West Indian cricketer (born 1998)

Keemo Mandela Angus Paul (born 21 February 1998) is a Guyanese cricket right-handed batter and right-arm fast-medium bowler who plays for the West Indies and Guyana, as well as the Caribbean Premier League team Guyana Amazon Warriors. He made his senior international debut for the West Indies in 2018. In August 2019, Cricket West Indies named him as the T20 Player of the Year.

==Domestic and T20 career==
He made his List A debut on 16 January 2015 in the 2014–15 Regional Super50 tournament.

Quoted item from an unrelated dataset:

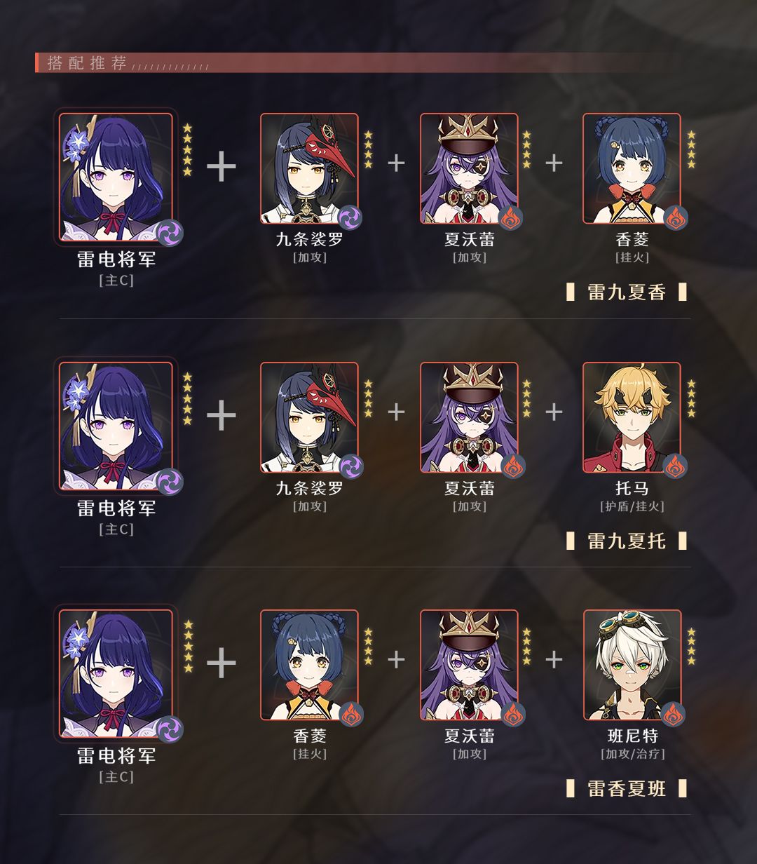 不过当前超载队不是配队主流,应用范围有限。根据以往经验,后续版本可能会推出新的火雷角色,新角色的配队可能会和超载有关,推荐大家先抽取到夏沃蕾,后续根据新角色实际情况决定夏沃蕾要不要补命座。

In December 2015, Paul was named in the West Indies squad for the 2016 Under-19 Cricket World Cup. During the tournament, Paul attracted some controversy when he mankaded a batsman in the last over of the final group match between the West Indies and Zimbabwe. The West Indies won the match and consequently finished second in their group, qualifying for the quarter-finals and eventually going on to win the tournament. He took 7 wickets throughout the competition, including 2 in the final against India, as well as averaging more than 40 with the bat for the tournament.

He made his first-class debut for Guyana in the 2016–17 Regional Four Day Competition on 18 March 2017. He made his Twenty20 debut for Guyana Amazon Warriors in the 2017 Caribbean Premier League on 5 August 2017. In October 2017, he scored his maiden century in first-class cricket, batting for Guyana against Jamaica in the 2017–18 Regional Four Day Competition.

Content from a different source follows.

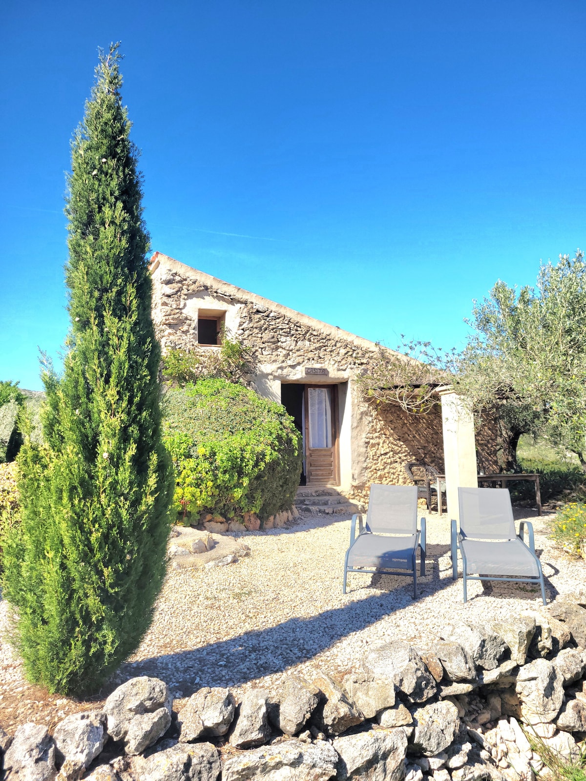 Una casa de piedra muy privada y acogedora con impresionantes vistas a la montaña y a la piscina. PERFECTO SI TE GUSTA EL SILENCIO Y LA NATURALEZA. La zona cuenta con un río, castillo, bodega, montañas y playas mediterráneas. Este precioso estudio tiene todo lo que necesitas para disfrutar de unas vacaciones relajantes. La terraza privada exterior tiene una barbacoa, mesa, sillas y vistas increíbles para disfrutar de una copa de vino por la noche. La Cocina esta totalmente equipada Solo compartirás la zona de la piscina con otros huéspedes. El wifi es excelente el 90 % de las veces.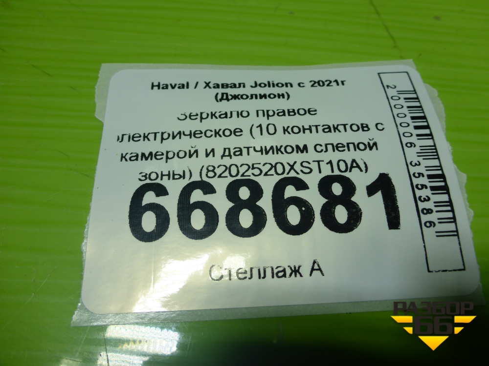 Зеркало правое электрическое (10 контактов с камерой и датчиком слепой зоны) (8202520XST10A) для Haval Jolion с 2021г (Джолион) в Тюмени

In June 2018, he was named the Emerging Cricketer of the Year at the annual Cricket West Indies' Awards. In October 2018, Cricket West Indies (CWI) awarded him a development contract for the 2018–19 season.

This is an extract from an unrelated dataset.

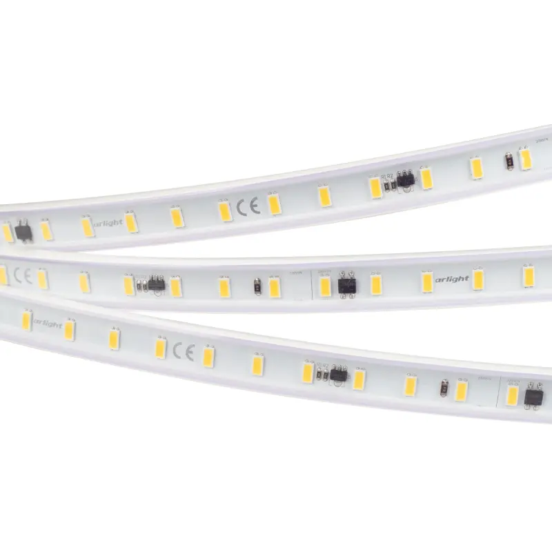 Герметичная лента ARL серии C72, IP65(PV-трубка ПВХ экструзия) оболочка ленты имеет защиту от УФ излучения, что позволяет использовать ее на улице. Лента подключается непосредственно к сети переменного тока 230 В и не требует использования источников питания. Использование интегральных стабилизаторов тока позволяет подключать ленту длиной до 50м, обеспечивая при этом равномерную яркость свечения по всей длине ленты. При подключении нескольких лент, подавать питание на каждые 50м отдельным кабелем. Запрещается последовательное подключение лент более 50м. Лента применяется для подсветки потолочных ниш, декоративной подсветки, создания контуров рекламных объектов. Может использоваться в помещениях и на улице. На лентах установлены микросхемы с функцией снижения тока для защиты ленты от перегрева, что обеспечивает надежную работу лент в различных условиях. Диммирование осуществляется диммерами TRIAC в диапазоне 15%-90%. Крепление с помощью скоб, аксессуары для монтажа и подключения поставляются отдельно.

In December 2018, he was bought by the Delhi Capitals in the player auction for the 2019 Indian Premier League. In June 2019, he was selected to play for the Montreal Tigers franchise team in the 2019 Global T20 Canada tournament. In July 2020, he was named in the Guyana Amazon Warriors squad for the 2020 Caribbean Premier League.

On 18 August 2026, Paul registered his highest T20 score, smashing 65 runs off 36 balls while batting for the Jamaica Kingsmen against the Antigua and Barbuda Falcons during the CPL.He won player of the match as the Kingsmen won by 51 runs.

==International career==
On 9 March 2018, Paul was added to the West Indies squad for the 2018 Cricket World Cup Qualifier tournament, after Sheldon Cottrell suffered an injury. He made his One Day International (ODI) debut for the West Indies against Afghanistan in the World Cup Qualifier on 15 March 2018.

In March 2018, he was named in the West Indies squad for their Twenty20 International (T20I) series against Pakistan. He made his T20I debut for the West Indies against Pakistan on 1 April 2018.

In July 2018, he was named in the West Indies Test squad for the series against Bangladesh. He made his Test debut for the West Indies on 12 July 2018. In December 2018, in the third and final T20I against Bangladesh, Paul took his first five-wicket haul in T20Is.

In May 2019, Cricket West Indies (CWI) named him as one of ten reserve players in the West Indies' squad for the 2019 Cricket World Cup.